June 23, 2017

A Myth About Eggs

boiled_eggs

By Jeanne Onginyo

Eggs are undoubtedly one of the most flexible types of food in that they can be prepared in different ways and at the same time eaten at different times of the day. Be it breakfast, lunch or dinner, eggs have served as a condiment in different capacities. Aside from eating eggs just as they are, eggs can be incorporated in various dishes to bring out the best results during and after preparation. Eggs are ultimately one of the groups of the most nutritious foods on the planet with enough nutrients to nurture the development of an egg to a full grown chicken. However, eggs have a relatively bad reputation considering that egg yolks are high in cholesterol. According to Authority Nutrition a single medium chicken egg contains 186 milligrams of cholesterol which is 62% higher that the daily recommended intake.

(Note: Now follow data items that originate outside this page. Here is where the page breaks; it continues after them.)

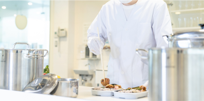 調理済み食材と自社調理を組み合わせるハイブリッド給食で、コストを抑えながら人員はスリム化。専門スタッフ不要で、手軽に美味しいお食事を提供できます。調理済み食材の活用により、厨房で行う作業は「再加熱・盛付け・配膳・洗浄」が中心となります。仕込みやゼロからの調理工程が大幅に短縮されるため、必要な人員配置をスリム化できます。 また、複雑な調理スキルや経験を持つ専門の調理師が必ずしも多数必要ではなくなり、パート・アルバイトスタッフでも対応可能な業務が増え、採用のハードルが下がります。
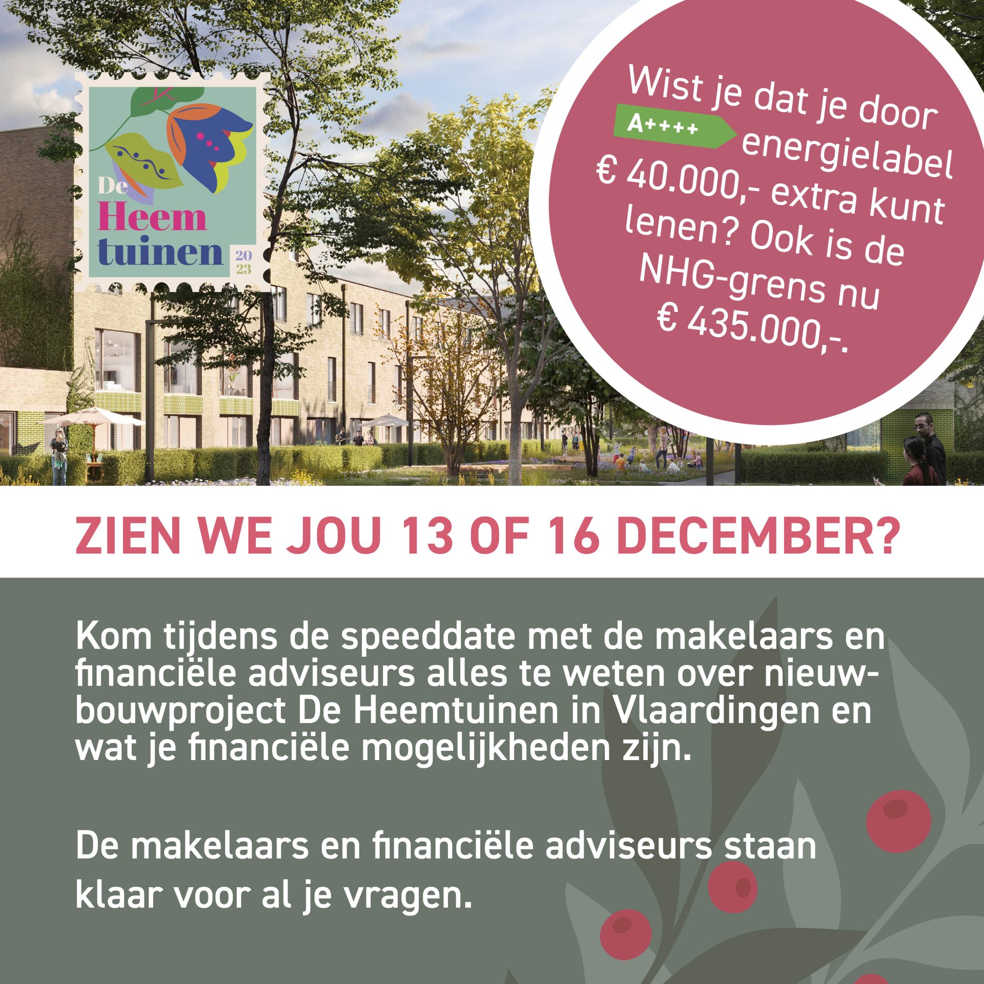 Kom jij speeddaten met één van onze makelaars en meer informatie op doen over het project De Heemtuinen? Woensdag 13 december en zaterdag 16 krijg je de mogelijkheid om langs te komen en te bespreken of het nieuwbouwproject aansluit bij je woonwensen en financiële mogelijkheden. Van Herk staat samen met de Rabobank en Fundament Financieel Advies klaar om om meer te vertellen over de zeer energiezuinige woningen in De Heemtuinen en de verruimde financiële mogelijkheden.
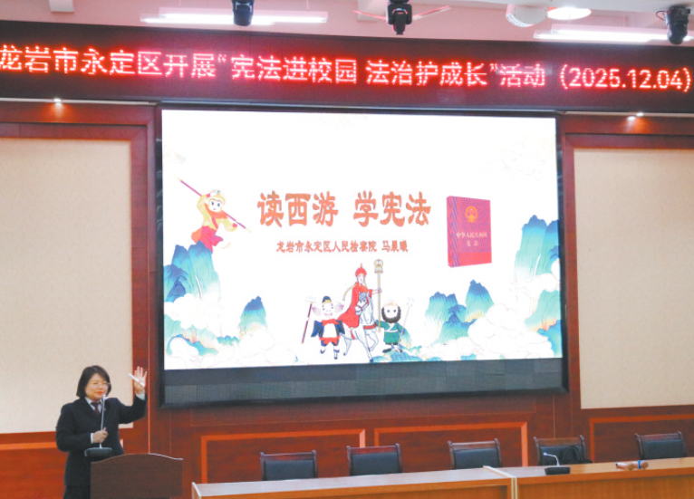12月4日,龙岩市永定区人民检察院干警走进区胡文虎实验小学开展宪法宣传活动。检察官通过解锁“西游记法治密码”引导同学们趣味学宪法,认清宪法与自身生活的紧密联系,树立正确的是非观与法治观,学会运用法律武器维护自身各项合法权利。 通讯员 朱政秋 摄
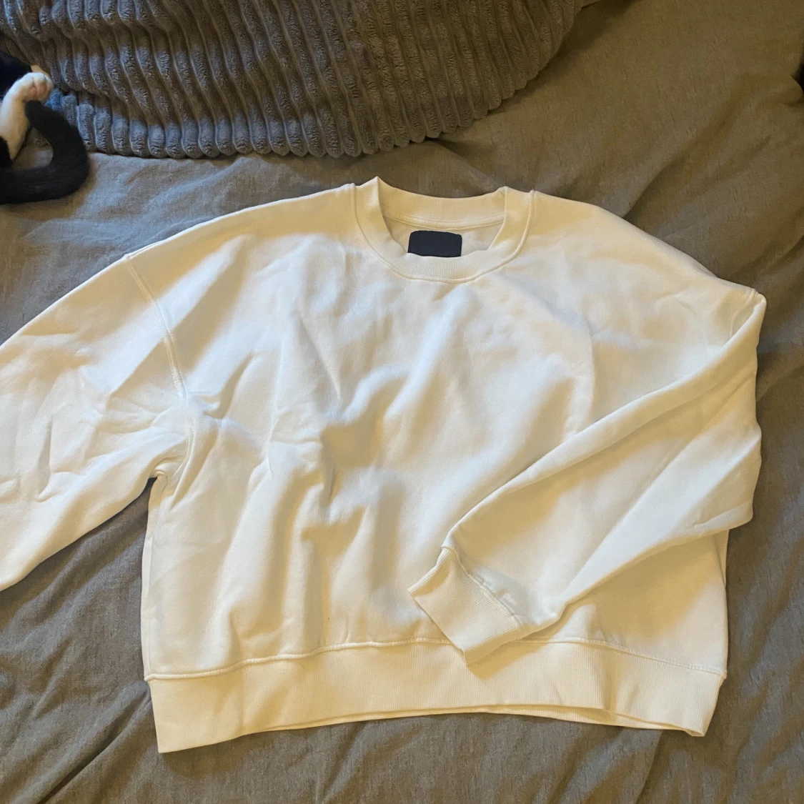 Vit sweatshirt, jättesmjukt material på insidan, storlek L men kort modell, 80kr + frakt🤍
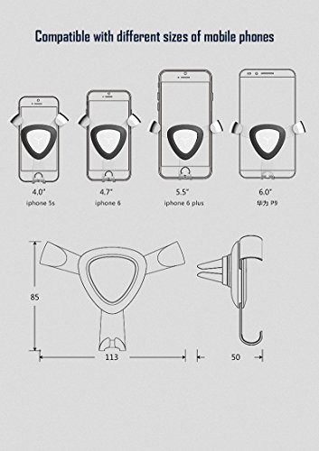 Auto del telefono, Air Vent Gravity sensing auto serratura metallo montaggio telefono intelligente no touch design lato funzionare per iPhone x/8/7/6s/Plus/5S/Samsung S8/S7/Note e altri smartphone di 4 - 15,2 cm
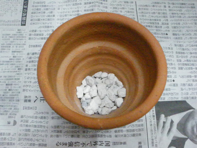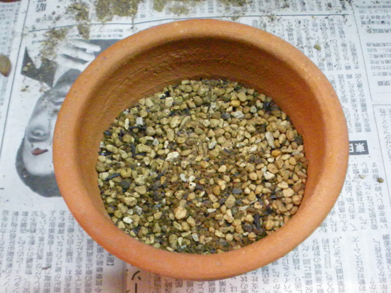 鉢の底に石ころを敷くか底穴を網で塞ぎまして。
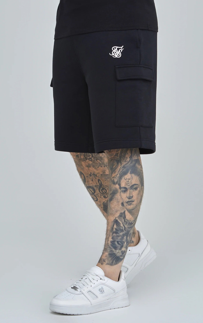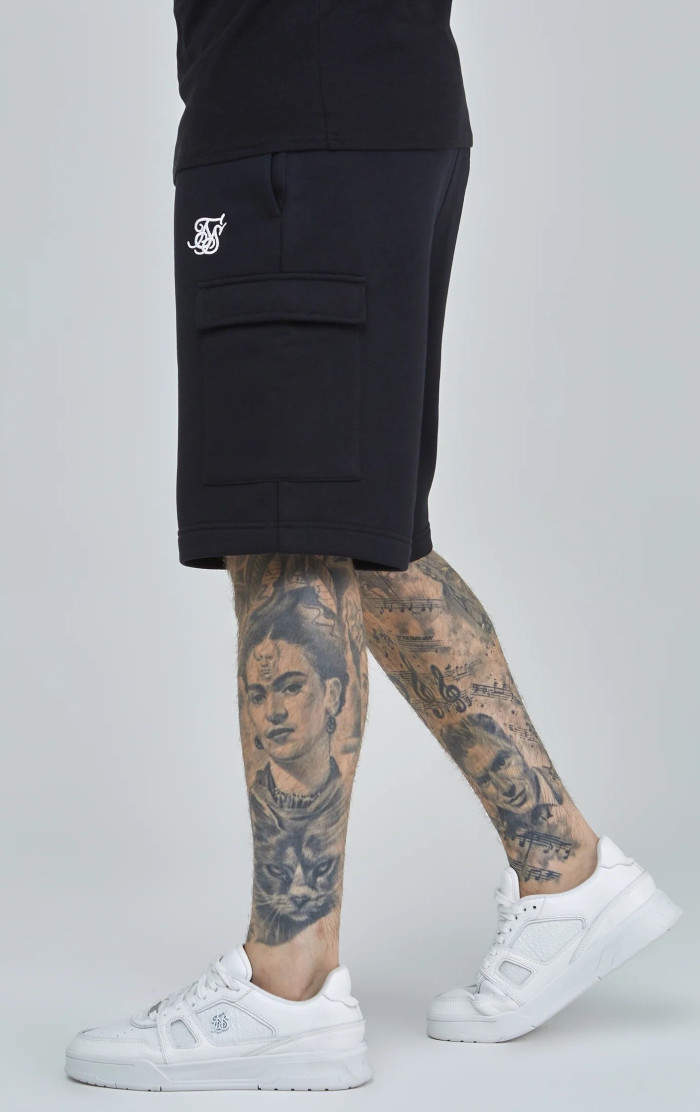 Sik Silk Pánské Černé Kraťasy Essential Cargo Fleece Short

Cholesterol has often been perceived as a generally ‘bad’ word related to fat. Whenever cholesterol is mentioned the human race immediately starts thinking of heart disease, tons of medication and possibly early death. Ideally, the human body requires a regulated amount of cholesterol to help in the formation of cell membranes for the cells present in the various body organs. Some would argue against eating egg yolks because it would raise the levels of cholesterol in the blood and contribute to heart disease. But it turns out that the more cholesterol one consumes the less cholesterol is produced in the body. It is also used to make steroid hormones like testosterone, estrogen and cortisol. This is enough proof that without the existence of cholesterol there is a likelihood the entire human race too would not have existed as well.

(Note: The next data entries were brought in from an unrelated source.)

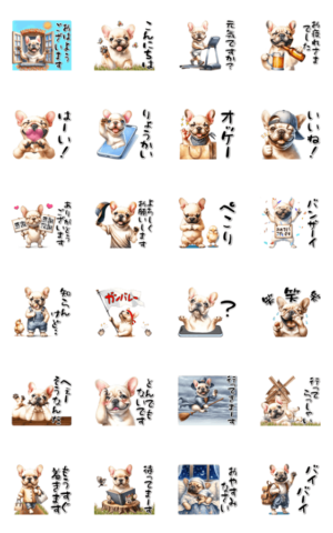 「おはようからおやすみまで、フレンチブルドッグの可愛さで一日を彩りませんか?フレブルさんの挨拶スタンプで、あなたのメッセージをもっと特別なものにしましょう!」Masajii より発売
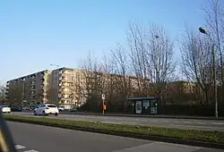 - Hansastraße 52–112 (gerade, östlich, fünf Wohnblöcke), Hansastraße 65–149 (ungerade, westlich, Wohnblöcke und Einzelhäuser), dazu am Ende der Hansastraße-Seitenast die Einzelhäuser Hansastraße 106a–106d und der kammförmige Wohnblock 108a–108f, letztere in einem Weißenseer Geländezipfel[39] zwischen Orankestrand (am Orankesee anschließend) und dem Eck Hansastraße zum Orankeweg.[40] Diese Wohnhäuser sind weitere anzumerkende Bauwerke neben denen um die Buschallee. Diese liegen auf dem Geländestreifen westlich vom Orankesee an das St. Joseph-Krankenhaus, der als landwirtschaftlich genutzter „Kirchenacker“ bis Ende der 1970er Jahre den Südrand der Kniprodeallee (in Höhe Norden des Friedhofs)[41] bildete. Die Wohnblöcke östlich der Straße entstanden noch als Typenbauten von 1988 über die politische Wende hinweg, westlich der Straße nach der Wende als „Wohnquartier Weißensee“ vermarktet stehen Wohnblöcke in freie Architekturen des sozialen Wohnungsbaus die 1994 fertiggestellt waren. Zwar ist amtlich nur ein Straßenverlauf von der östlichen Hansastraße ab am Süden des Quartiers als Hansastraße geführt, dennoch finden sich mehrere unter diesem Namen geführte Privatstraßen als Zufahrtsweg zwischen den Blöcken.
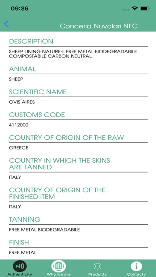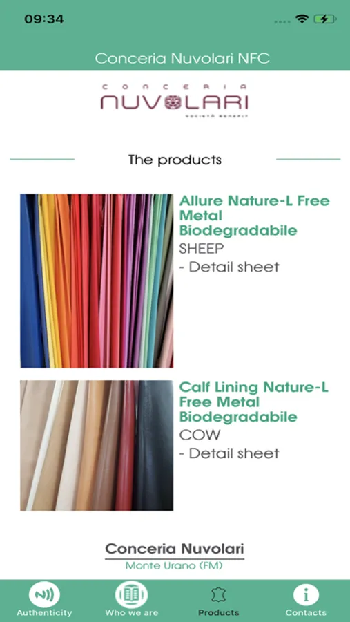 La app Conceria Nuvolari NFC ti consente di verificare l'autenticità dei prodotti della conceria. Il TAG Autentico è posizionato sul lotto di pelli.
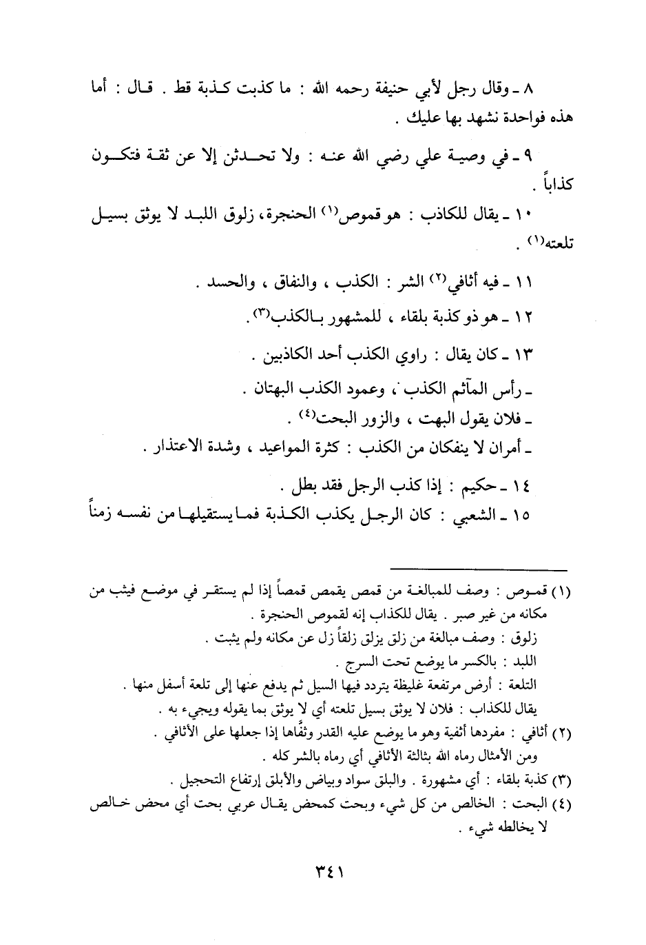10- يقال للكاذب: هو قموص «1» الحنجرة، زلوق اللبد لا يوثق بسيل تلعته «2» .
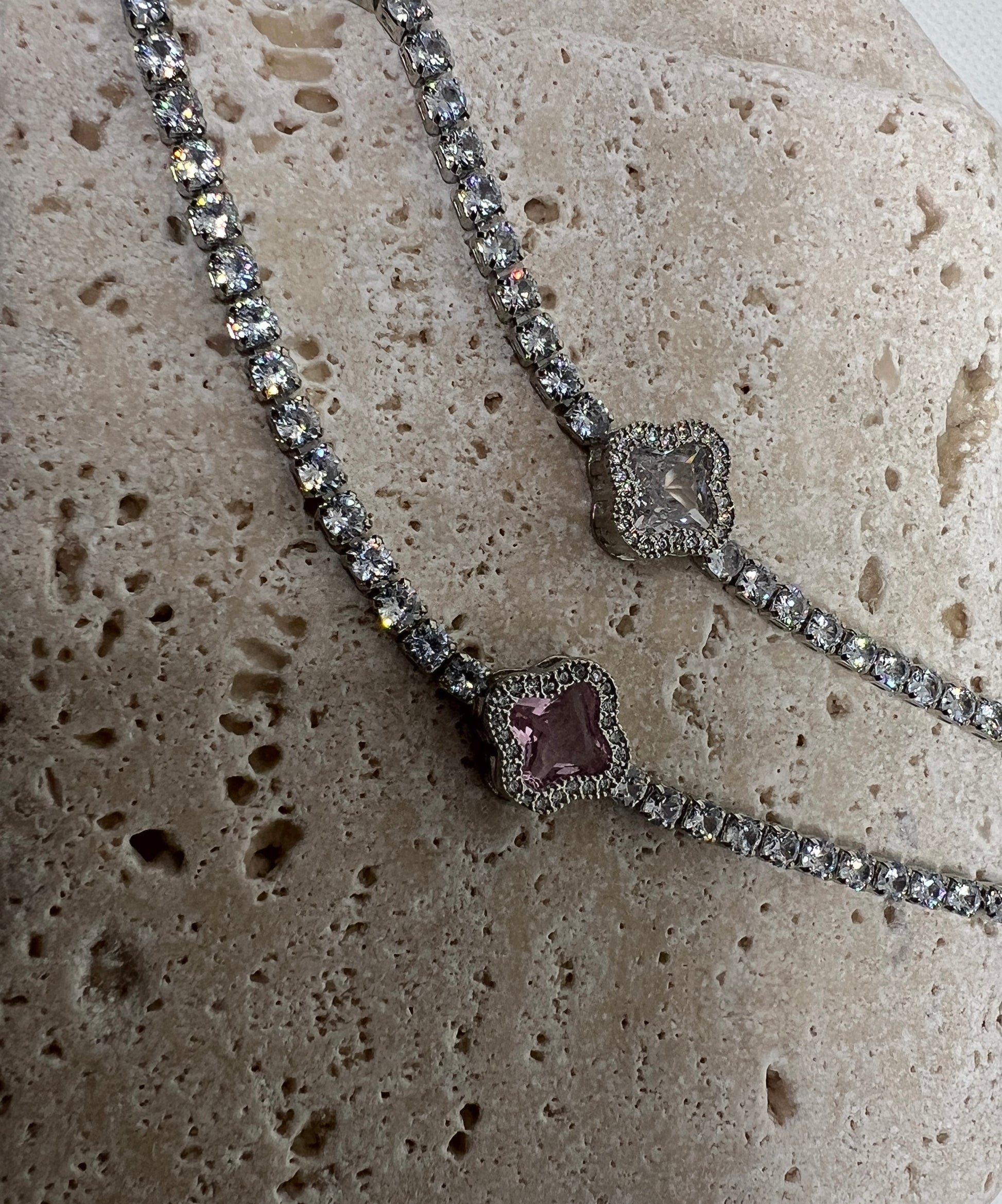 Ein Schmuckstück, das seinem Namen alle Ehre macht – Splendore bedeutet Glanz & Pracht ✨. Dieses exklusive Armband ist mit funkelnden Zirkonia-Steinen besetzt, die bei jedem Licht strahlen wie kleine Sterne 💎. Das zentrale Blüten-Element – wahlweise in klar oder rosa – verleiht dem Armband eine elegante, feminine Note 🌸.

For decades, people have been advised to limit their consumption of eggs or at the very least eat the egg whites alone because they are high in protein. Most doctors would recommend 2-6 eggs a week and advise that eggs be eaten from 6 a.m. to 12 noon as this is the time when the body breaks down the cholesterol more effectively. The entire consumption of eggs however depends on the individual as some have relatively high metabolism hence the cholesterol is broken down faster. For example, children need more cholesterol compared to the elderly as their bodies are producing new cells at a higher pace. However, science puts across that in order to be on the safe side since we can not adequately count how much cells are produced by our bodies, we should eat a maximum of 3 eggs a week.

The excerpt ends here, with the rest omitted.